For Immediate Release: Tuesday, April 21, 2015
Following Thursday’s report by the New York City Rent Guidelines Board (RGB) showing that landlord operating costs in the city’s approximately 1,000,000 rent-stabilized apartments increased by just 0.5% in the past year, Assembly Member Richard N. Gottfried (D/WFP-Manhattan) called on the RGB to freeze or lower rents for rent-stabilized tenants renewing leases between October 1, 2015 and September 30, 2016.
In his April 17 statement, Assembly Member Gottfried said:
“Too many New Yorkers are finding it harder and harder to make ends meet, particularly when it comes to the increasingly high cost of housing. With landlords realizing huge cost savings in the past year, as Thursday’s Rent Guidelines Board report confirms, it’s time for the Board to pass those savings on to tenants.
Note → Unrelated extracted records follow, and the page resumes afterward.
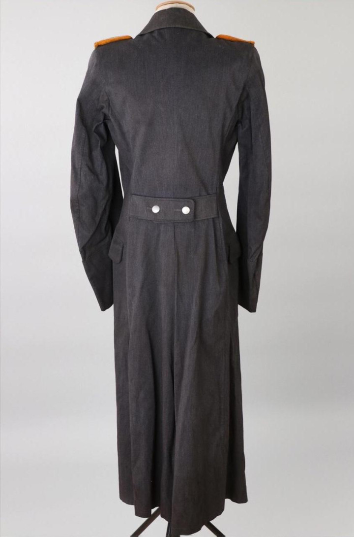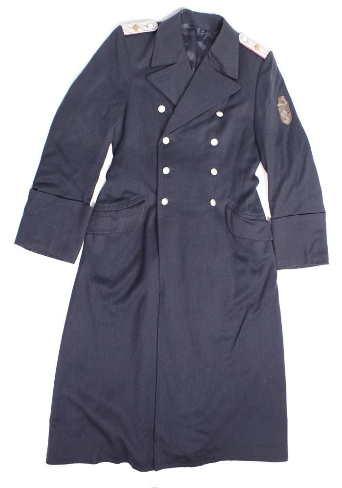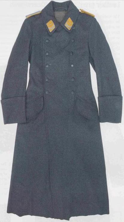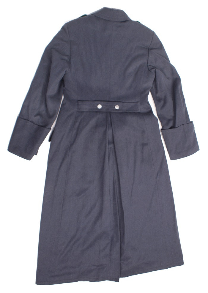 军大衣是德军中必不可少的制式服装,在寒冷和恶劣天气中,各级官兵都需要身穿军大衣。军大衣的设计来源于德意志帝国陆军的军大衣。德国空军军大衣最初是由德国航空运动联盟推出,后来被德国空军正式采用。空军军大衣的面料颜色为蓝灰色,各级官兵剪裁样式相同,二战期间只对军大衣进行了略微修改。早期生产的军大衣在左右前襟都设有扣眼,这样军大衣可以左右前襟互扣。前襟下摆两侧设金属钩,背面开衩两侧另设金属钩,腰线下方侧缝处缝制织带环,便于骑乘和行军时将下摆钩起收拢。这两项设计在1940年3月20日被废止,但实际执行并不严格。最初从士兵到军官的纽扣为银色,而将军的纽扣为金色,之后将军士和士兵的纽扣改为蓝灰色。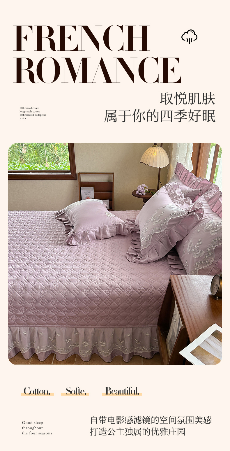 (总)宜凡家纺 2026新款全棉法式碎花床盖三件套(所有三件套价格不得低于供货价+45元出售),雾野,花屿间,流莹,拾光,香缇丽,忆梦,云端花海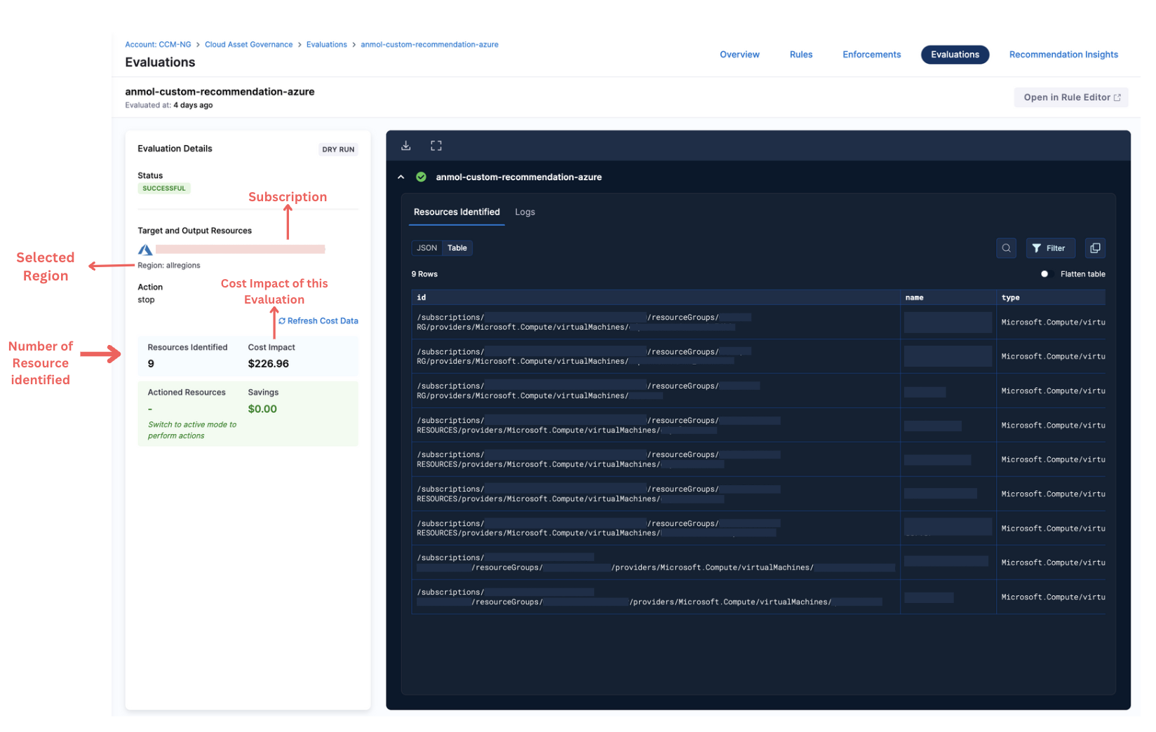 - Select the rule for which you want to view the Evaluation details. The target subscription, region, identified resources and evaluation logs are displayed.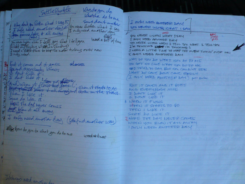 handwritten lyrics 'Another Day'.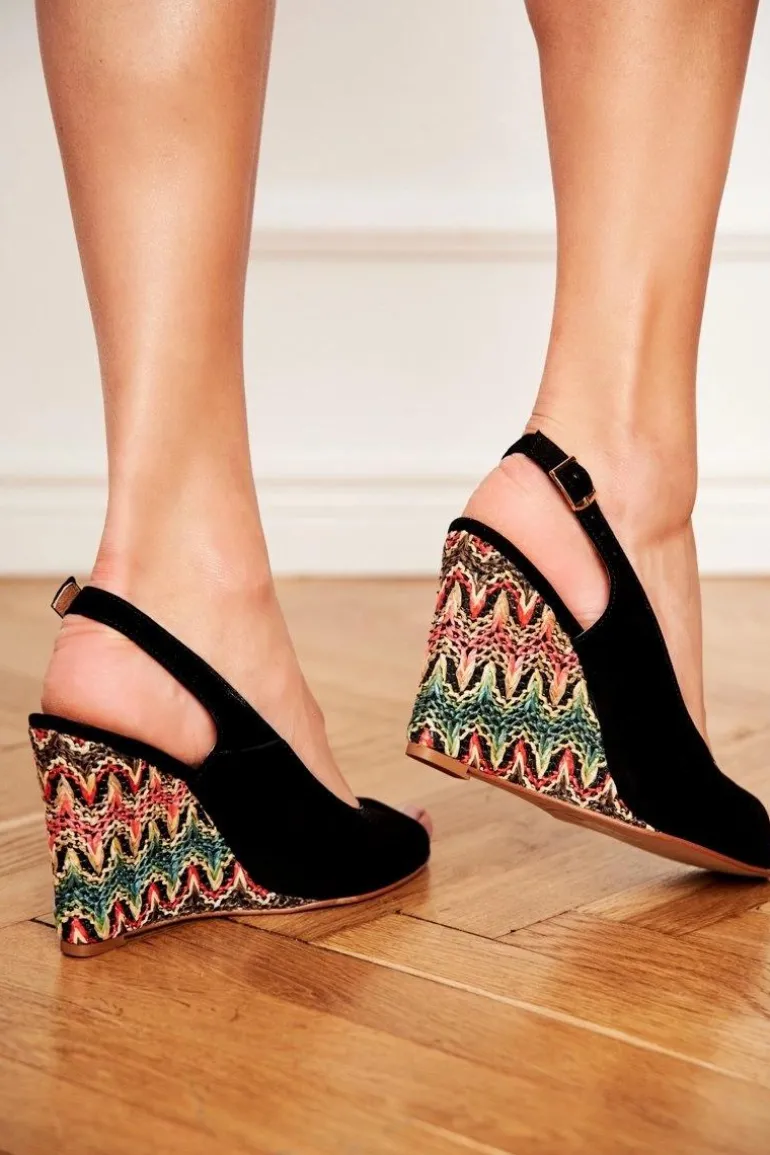 Wiemy że kochacie wysokie buty, dlatego spójrzcie na propozycję od Laura Messi. Sandałki na wysokiej koturnie, która jest cudownie zdobiona w kolorowe wzory. Pięknie uniosą i wyeksponują naszą sylwetkę. Zapinane wokół kostki na pasek. Jeśli marzysz o wygodnym obuwiu na ciepłe dni to dobrze trafiłaś! Przy wyborze rozmiaru prosimy sugerować się tabelą rozmiarów.

“The Rent Guidelines Board must end its business-as-usual practice of granting automatic rent hikes to real estate interests every year. The RGB’s own study shows that freezing or lowering rents for a million rent-stabilized households is an appropriate and responsible step that will help keep city living affordable for millions of New Yorkers without subjecting property owners to any financial burden.
“Last year, the RGB ignored calls for a rent freeze, and it turns out the increases they allowed gave landlords a windfall higher than their costs, which the RGB now shows have stayed virtually flat. It’s overdue to give families some relief.”
The New York City Rent Guidelines Board is a nine-member panel that establishes rent adjustments every year for the approximately one million apartments in the city that are subject to the Rent Stabilization Law. The RGB’s members are appointed by the New York City Mayor. The RGB holds an annual series of public meetings and hearings before determining adjustments for one-year and two-year leases on rent-stabilized dwelling units.
In 2014, the RGB gave landlords a 1% increase for one-year leases and a 2.75% hike for two year leases.
Each year, RGB staff conducts research on economic conditions in the city’s housing market, including the costs of operating and maintaining apartments, obtaining financing, supply of housing stock, and cost-of-living indices. As part of this effort, the RGB issued Thursday’s report, 2015 Price Index of Operating Costs, which showed annual operating costs’ for owners of rent-stabilized units increased by approximately 0.5% – the lowest such increase since 2002 – with costs for landlords in many areas actually declining.